The compiler has only been built and tested on Ubuntu focal 20.04.3 LTS. It will almost certainly not build or function normally anywhere else. This compiler is a hobby project and even close to be ready for production use.
$ ./configure
$ make wcc
$ ./wcc test.c -o test
The compiler goes through the following phases:
- C Preprocessor
- Hand rolled lexer
- Precedence climbing parser
- Simple arithmetic transformations
- Transformation into SSA
- Data flow analysis and replacement of variables with live ranges
- Live range coalescing
- Some more arithmetic optimizations while converting out of a linear IR into a tree IR
- Instruction selection using tree pattern matching
- Live range coalescing (again)
- Register allocation using top-down graph coloring
- Code generation using tree tiling
Run all tests
$ make test
Test 3 stage self compilation
$ make test-self-compilation
Run benchmarks
$ make run-benchmark
Compile and test sqlite3
$ CC=.../wcc ./configure
$ make tcltest
#include <stdio.h>
typedef struct s1 {
int i, j;
} S1;
typedef struct s2 {
S1 *s1;
} S2;
void main() {
S2 *s2;
s2 = malloc(sizeof(S2));
s2->s1 = malloc(sizeof(S1));
s2->s1->j = 1;
printf("%d\n", s2->s1->j);
}
main:
push %rbp # Function prologue
mov %rsp, %rbp
push %rbx
subq $8, %rsp
movq $8, %rdi # s2 = malloc(sizeof(S2));
callq malloc@PLT
movq %rax, %rbx # rbx = s2
movq $8, %rdi # s2->s1 = malloc(sizeof(S1));
callq malloc@PLT
movq %rax, %rcx
addq $8, %rsp
movq %rcx, %rax
movq %rax, (%rbx)
movq %rbx, %rax # s2->s1->j = 1;
movq (%rax), %rax
movl $1, 4(%rax)
subq $8, %rsp # printf("%d\n", s2->s1->j);
movq %rbx, %rax
movq (%rax), %rax
movl 4(%rax), %esi
leaq .SL0(%rip), %rdi
movb $0, %al # printf is variadic, 0 is the number of floating point arguments
callq printf@PLT
addq $8, %rsp
movq $0, %rax # Function exit code zero
popq %rbx # Function epilogue
leaveq
retq
The project started out as a clone of c4 to teach myself to write it from scratch. I then went down a route based on TCC where I wrote a code generator that outputted an object (.o
) file. It then quickly became clear that generating object code without using an assembler is a waste of time, so I adapted it to produce .s
files and compiled them with gcc. I then proceeded implemeting Sebastian Falbesoner's approach to register allocation. At this point I went academic and started reading Engineering a Compiler 2nd Edition. First SSA transformation, then graph coloring register allocation, then finally instruction selection using tree pattern matching.

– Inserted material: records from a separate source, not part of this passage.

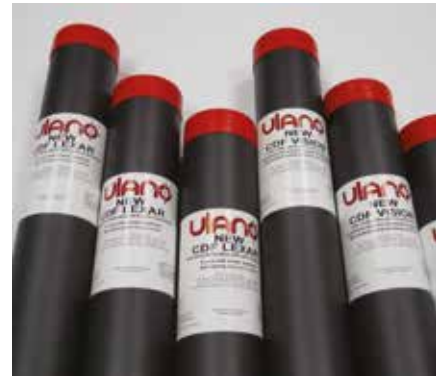
CDF Lexar and CDF Vision

When asked about future stencil technology, I reply that Ulano Research and Development will look for ways to combine anti-halation
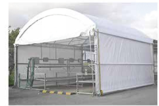
FROST PROTECTION (Optional)
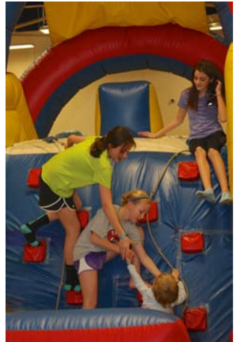
A young carnival-goer gets a helping hand through the obstacle course.
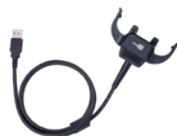
USB snap-on Cable
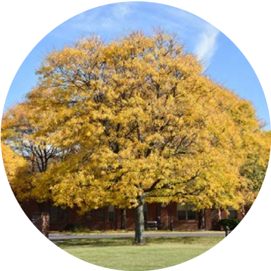
Gleditsia triacanthos 'Shademaster' Honey Locust
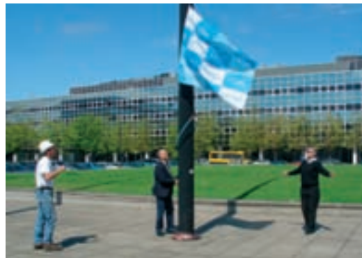
Langlands and Bell: Who's Afraid of Red, Black and Blue? Installation of eight flags, Station Square, Milton Keynes, 2005
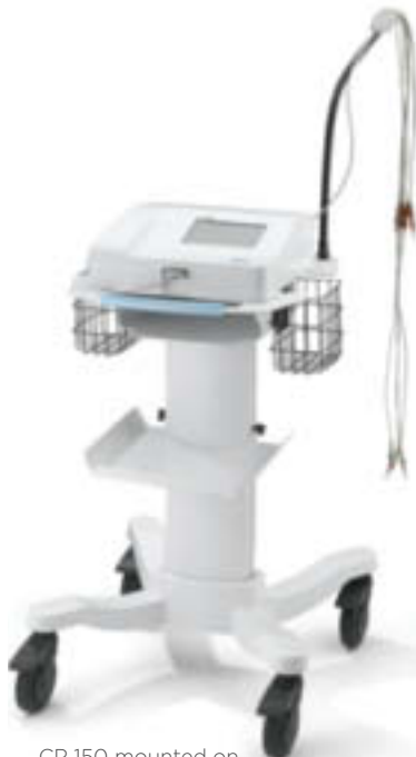
CP 150 mounted on hospital cart with cable arm and shelf
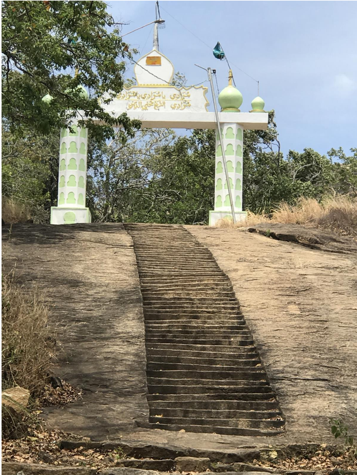
Fig 2: The Muslim 'Torana' beside the rock-cut steps to Kuragala

Muslim names, is through a large white entrance arch with green minarets on either side. This flamboyant arch, with Islamic motifs, was constructed in 1982 (Aboosally 2002: 64). Some local residents identify this new construction as a “Muslim Torana”, (Figure 2) the latter being a specific religious emphasis and designation usually associated with Buddhist sites.
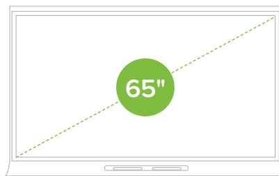
SMART Board 6065
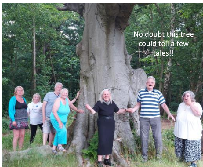
No doubt this tree could tell a few tales!!

We first of all wandered round the grounds including a bit of tree hugging and a picnic, then later, we visited the Hall which is beautiful. A brilliant day out.
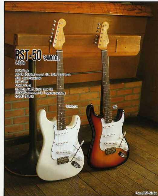
RST-50 '64MODEL ¥50,000

NECK: Maple FINGER BOARD: Rosewood, 21F, 170R, 25.50" Scale NECK JOINT: Detachable BODY: Alder PICKUP: VS-2 CONTROL: 1V, 2T, 5point Lever SW BRIDGE: Synchronized-Cr, Old Saddle-Ni, (Inertia Iron Block) COLOR: OS, GR
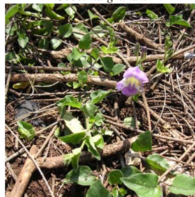
Chinese Violet Asystasia gangetica
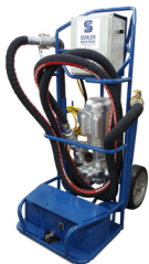
Lube Oil Transfer Carts
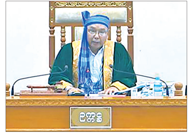
Amyotha Hluttaw Speaker Mahn Win Khaing Than.

At the Hluttaw session, U Win Maung of Magway Region constituency 6 asked if there was a plan to construct a three-storey RC residential unit with 90x30 feet, for the health employees for the 25-bed hospital in Sinbyugyun Town, Salin Township, Magway Region. Regarding to this query, Deputy Minister for Health and Sports Dr. Mya Lay Sein replied that the housing unit for the health employees had been included in the list of the scheme of the department of health in the 2019-2020 FY.
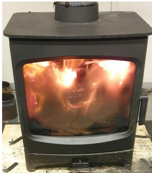
Figure 1: Appliance during testing.
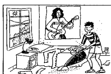
5. Esteban (pasar)

After a hiatus I resumed work and fixed a ton of bugs in the instruction selection. I then decided to implement the full C89/C90 specification, starting with the non-preprocessor parts, then the preprocessor.
To validate the compiler can compile something other than itself correctly, I fixed enough bugs to get sqlite3
to compile and pass the tcltest
tests.